Task to carry out
Begin at the line containing "Trong ngày vui, cảnh" in the records below, end at the line containing "Zu allererst aber", and retype each line in that span exactly. No other line and no image should appear.

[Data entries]

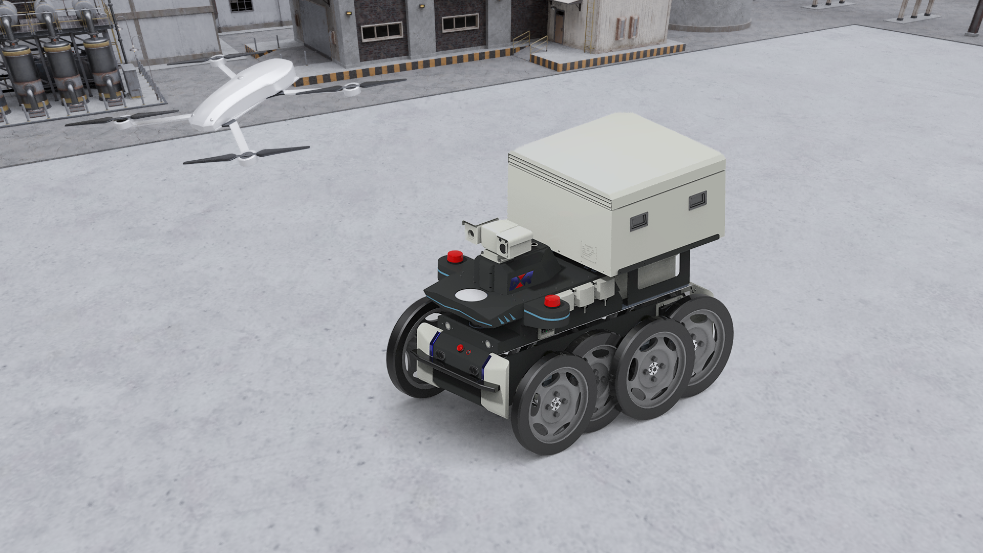 Equipped with a drone, the unmanned vehicle can charge and provide a data link to the drone.
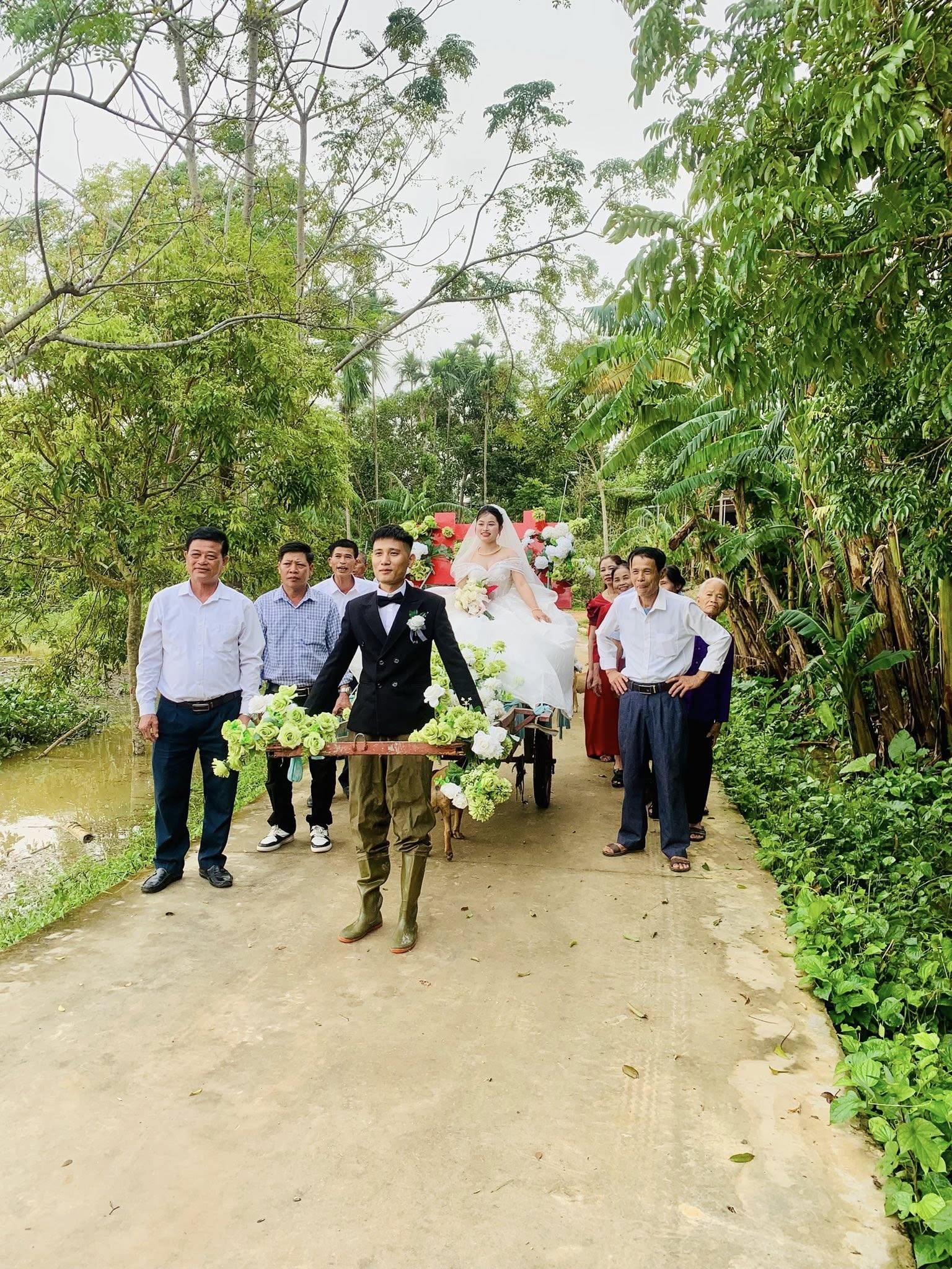 Trong ngày vui, cảnh tượng chú rể thân trên mặt vest, cài hoa, bên dưới mặc quần mưa đi ủng, kéo cô dâu bằng chiếc xe bò khiến nhiều quan khách thích thú, bật cười và trở thành kỷ niệm khó quên cho cặp vợ chồng mới cưới.
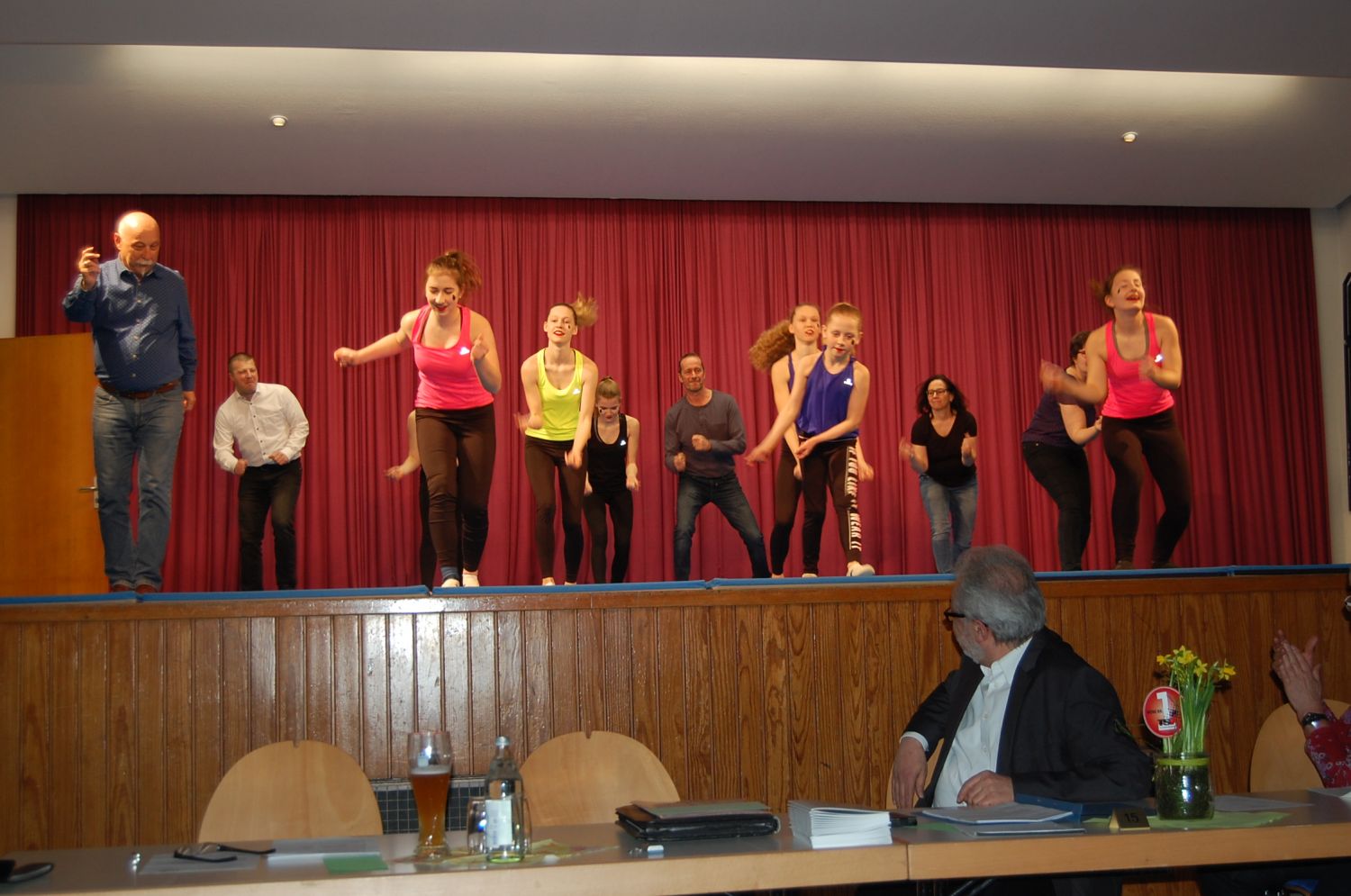 Zu allererst aber begeisterten wieder die Mädchen des Gerätturnens mit ihrer Show-Choreografie die Anwesenden in der Mehrzweckhalle in Kleinsachsenheim, denn sie machten auch das Motto deutlich, der TSV verbindet Jung und Alt, da bei der Zugabe der erste Vorsitzende und weitere Vorstandsmitglieder es sich nicht nehmen ließen, mit zu machen.
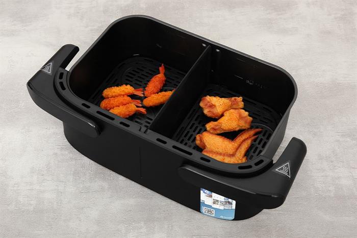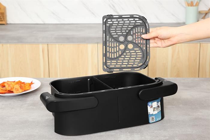 Bạn có thể dùng một ngăn khi chỉ cần nấu khẩu phần nhỏ, hoặc tận dụng cả hai ngăn để chế biến hai món khác nhau cùng lúc, vừa tiết kiệm thời gian, vừa không lo món này ám mùi món kia. Khi tháo vách ngăn, khay chiên trở nên rộng rãi với dung tích 7.1 lít, đủ sức chiên gà nguyên con 1.5 kg hoặc 9 chiếc cánh gà, phục vụ bữa cơm hằng ngày hoặc những bữa tiệc ấm cúng của gia đình. Thao tác tháo lắp thanh chia ngăn rất đơn giản, thuận tiện vệ sinh sau khi sử dụng.
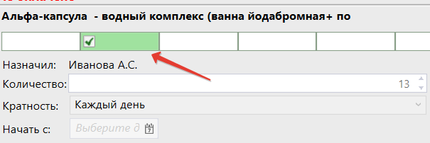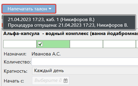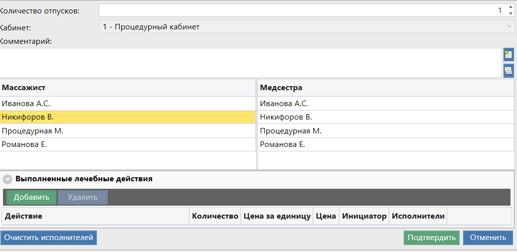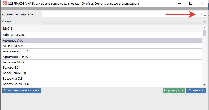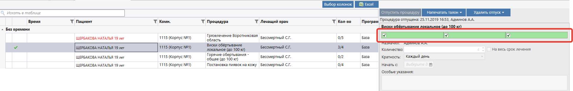 После нажатия кнопки "Подтвердить" для пациента будут отмечены выполненными столько процедур, сколько было указано в поле "Количество отпусков".

Answer to this task
 Trong ngày vui, cảnh tượng chú rể thân trên mặt vest, cài hoa, bên dưới mặc quần mưa đi ủng, kéo cô dâu bằng chiếc xe bò khiến nhiều quan khách thích thú, bật cười và trở thành kỷ niệm khó quên cho cặp vợ chồng mới cưới.
 Zu allererst aber begeisterten wieder die Mädchen des Gerätturnens mit ihrer Show-Choreografie die Anwesenden in der Mehrzweckhalle in Kleinsachsenheim, denn sie machten auch das Motto deutlich, der TSV verbindet Jung und Alt, da bei der Zugabe der erste Vorsitzende und weitere Vorstandsmitglieder es sich nicht nehmen ließen, mit zu machen.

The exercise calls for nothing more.